(Dataset excerpts)
►
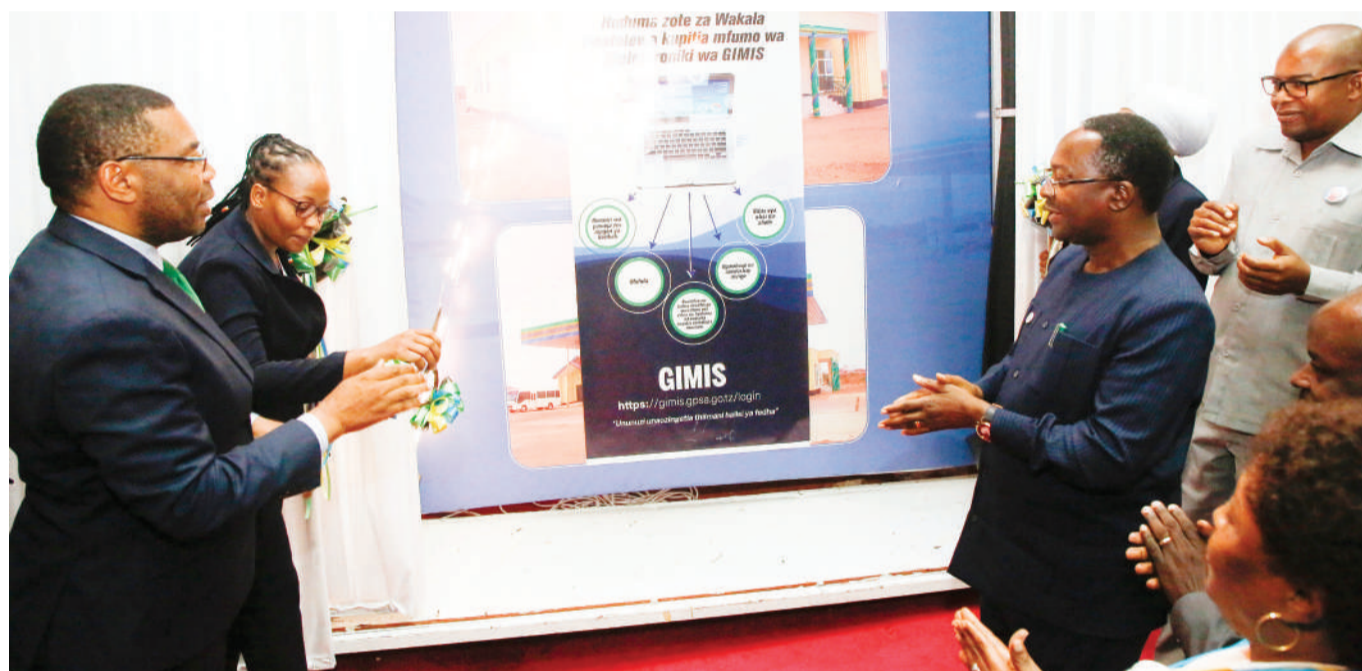
Waziri wa Nchi, Ofisi ya Rais Menejimenti ya Utumishi wa Umma na Utawala Bora, George Simbachawene (kulia), akishirikiana na Waziri wa Fedha, Dk. Mwigulu Nchemba (kushoto), kuzindua mfumo wa kielektroniki wa ukusanyaji mapato na ufuatiliaji matumizi ya serikali ujulikanao GIMIS, uzinduzi huo ulifanyika jijini Dodoma mwishoni mwa wiki.

Aliziagiza bodi zinazosimamia mipangomiji, upimaji ardhi na uthamini kuchukua hatua dhidi ya watalaamu na kampuni zilizokuika maadili ya taaluma zao.
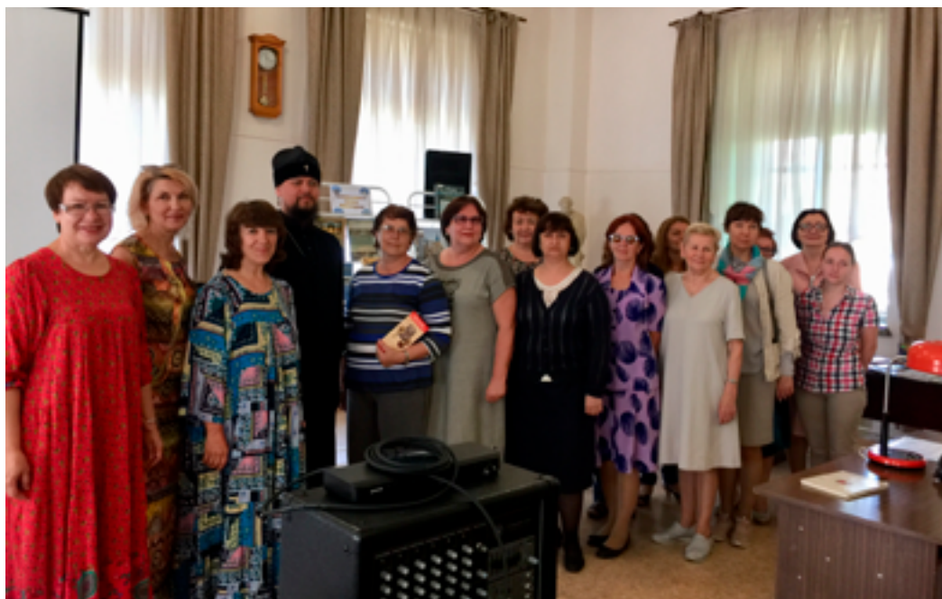
Архиепископ Биробиджанский и Кульдурский Ефрем, сотрудники Биробиджанской областной универсальной научной библиотеки имени Шолом-Алейхема, участники проекта «Православные храмы Хабаровска» на открытии книжной выставки «Православные храмы Приамурья». Биробиджан, БОУНБ, 8 июня 2019 года.
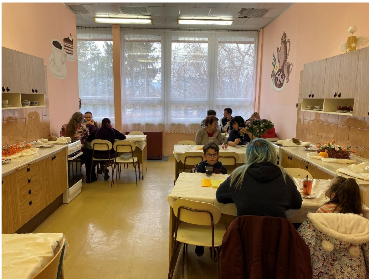
Posezení v kavárničce v průběhu výstav
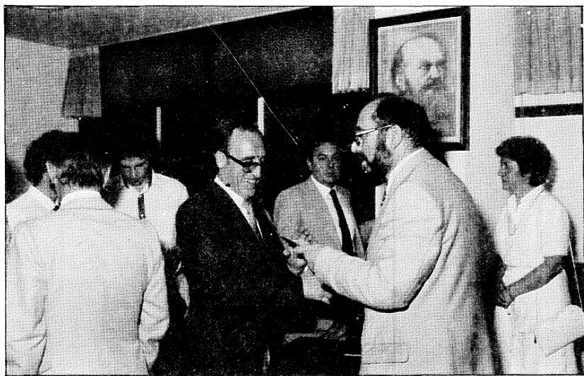
El autor de estos artículos, a la derecha, en un reciente homenaje que se le tributó. Al fondo, un retrato de Silverio Lanza.
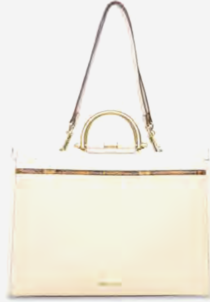
حقيبة بيبريسلي يد محاكاة مع سير طويل AED 499
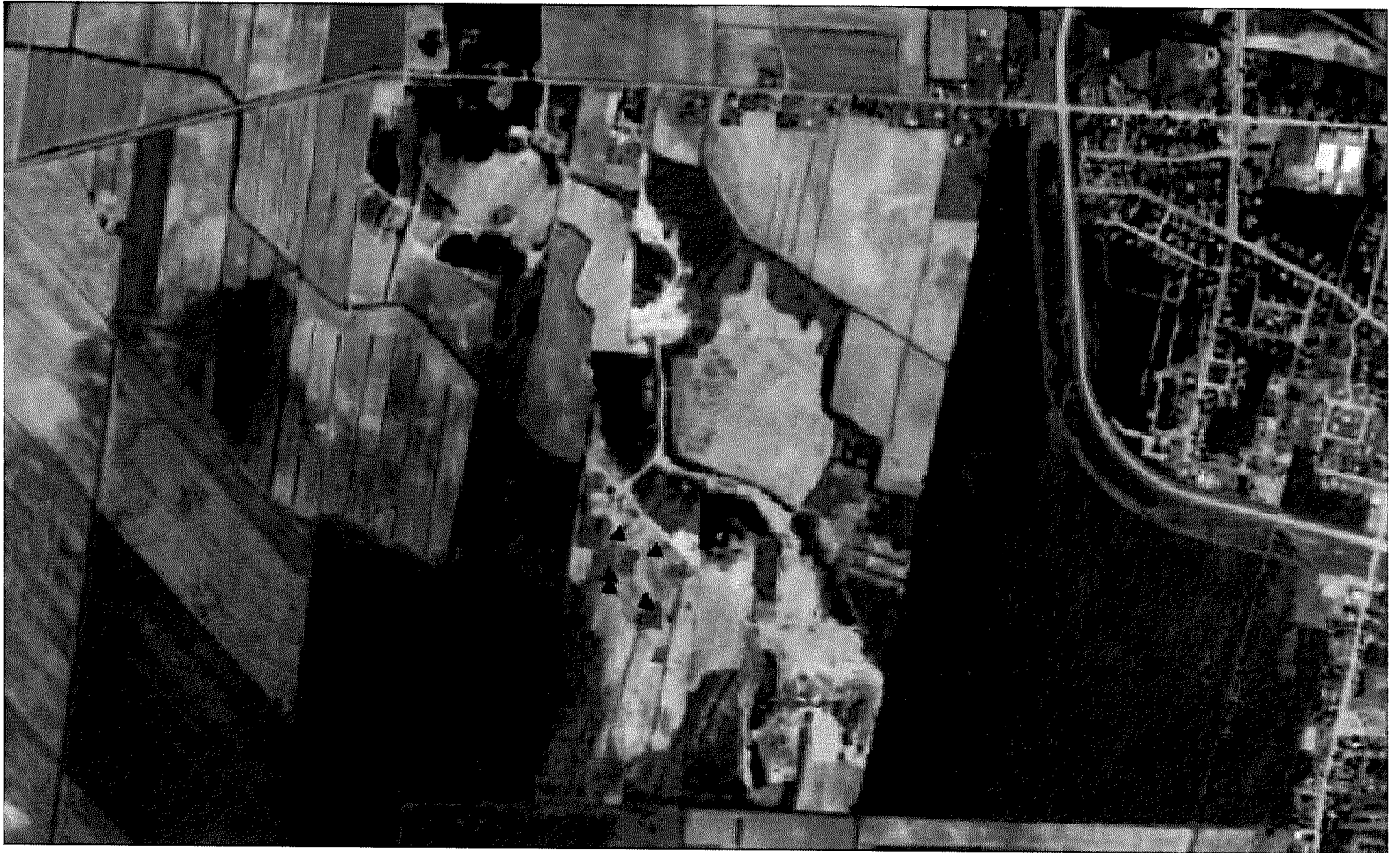
Localisation du puits
◄
• [WHAT YOU NEED TO DO]: All lines above are to be restated word for word, with pictures excluded.

• [ANSWER BOX]:
Waziri wa Nchi, Ofisi ya Rais Menejimenti ya Utumishi wa Umma na Utawala Bora, George Simbachawene (kulia), akishirikiana na Waziri wa Fedha, Dk. Mwigulu Nchemba (kushoto), kuzindua mfumo wa kielektroniki wa ukusanyaji mapato na ufuatiliaji matumizi ya serikali ujulikanao GIMIS, uzinduzi huo ulifanyika jijini Dodoma mwishoni mwa wiki.

Aliziagiza bodi zinazosimamia mipangomiji, upimaji ardhi na uthamini kuchukua hatua dhidi ya watalaamu na kampuni zilizokuika maadili ya taaluma zao.
Архиепископ Биробиджанский и Кульдурский Ефрем, сотрудники Биробиджанской областной универсальной научной библиотеки имени Шолом-Алейхема, участники проекта «Православные храмы Хабаровска» на открытии книжной выставки «Православные храмы Приамурья». Биробиджан, БОУНБ, 8 июня 2019 года.
Posezení v kavárničce v průběhu výstav
El autor de estos artículos, a la derecha, en un reciente homenaje que se le tributó. Al fondo, un retrato de Silverio Lanza.
حقيبة بيبريسلي يد محاكاة مع سير طويل AED 499
Localisation du puits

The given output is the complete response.